*** Information shown ***
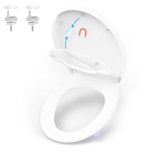 DERW Soft Close Toilet Seat, Heavy Duty Environmentally Friendly Urea-Formaldehyde Resin, O-Shaped Design, Quiet Slow Close, Quick Release, Install with Alignment Guide, Durable White Toilet Seat
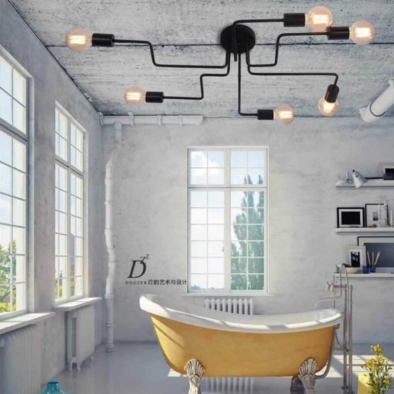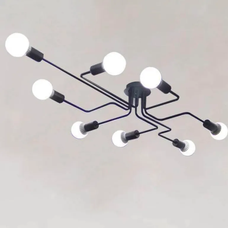 Elevate your space with this industrial wrought iron chandelier, designed to blend functionality with style and add retro charm to your interiors. This semi-flush mount ceiling light features a clean, minimalist design that makes it an excellent choice for those looking to introduce an urban touch to their home.
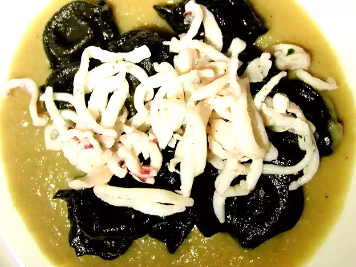 Plin di capra su crema di carciofi con calamari scottati vota adesso Portata principalefacile50 min599 Kcal Invia questa ricetta ad un amico Stampa la ricetta Contatta l'autore della Ricetta Pubblica la foto di questa ricetta Ingredienti 2 Per la salsa di carciofi : 1 spicchio aglio 150 g fondi carciofi già puliti limone sale olio extravergine di oliva parmigiano reggiano grattugiato Per il ripieno di formaggio : 100 g ricotta vaccina asciutta 70 g caprino fresco pepe nero 1 foglia basilico Per i calamari : 200 g calamari limone alloro sale pepe olio extravergine di oliva prezzemolo Per li olio aromatizzato all'aglio e rosmarino : olio extravergine di oliva aglio rosmarino
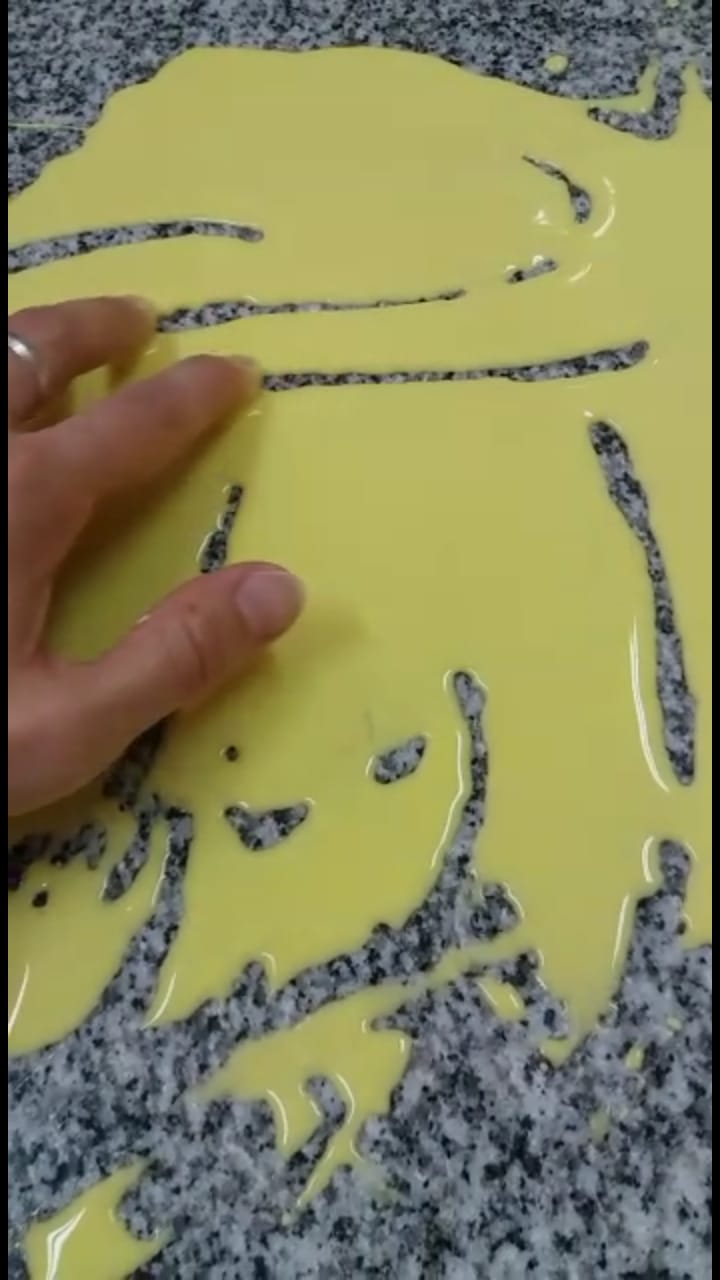 Poner un poco de mezcla sobre una servilleta de papel y recoger el almidón haciendo un rollito. Dejar sobre la mesada y esperar.
*** End of Information shown ***
> Work task
Please write out all of the data verbatim, with no pictures in the copy.

> Output for this exercise
 DERW Soft Close Toilet Seat, Heavy Duty Environmentally Friendly Urea-Formaldehyde Resin, O-Shaped Design, Quiet Slow Close, Quick Release, Install with Alignment Guide, Durable White Toilet Seat
 Elevate your space with this industrial wrought iron chandelier, designed to blend functionality with style and add retro charm to your interiors. This semi-flush mount ceiling light features a clean, minimalist design that makes it an excellent choice for those looking to introduce an urban touch to their home.
 Plin di capra su crema di carciofi con calamari scottati vota adesso Portata principalefacile50 min599 Kcal Invia questa ricetta ad un amico Stampa la ricetta Contatta l'autore della Ricetta Pubblica la foto di questa ricetta Ingredienti 2 Per la salsa di carciofi : 1 spicchio aglio 150 g fondi carciofi già puliti limone sale olio extravergine di oliva parmigiano reggiano grattugiato Per il ripieno di formaggio : 100 g ricotta vaccina asciutta 70 g caprino fresco pepe nero 1 foglia basilico Per i calamari : 200 g calamari limone alloro sale pepe olio extravergine di oliva prezzemolo Per li olio aromatizzato all'aglio e rosmarino : olio extravergine di oliva aglio rosmarino
 Poner un poco de mezcla sobre una servilleta de papel y recoger el almidón haciendo un rollito. Dejar sobre la mesada y esperar.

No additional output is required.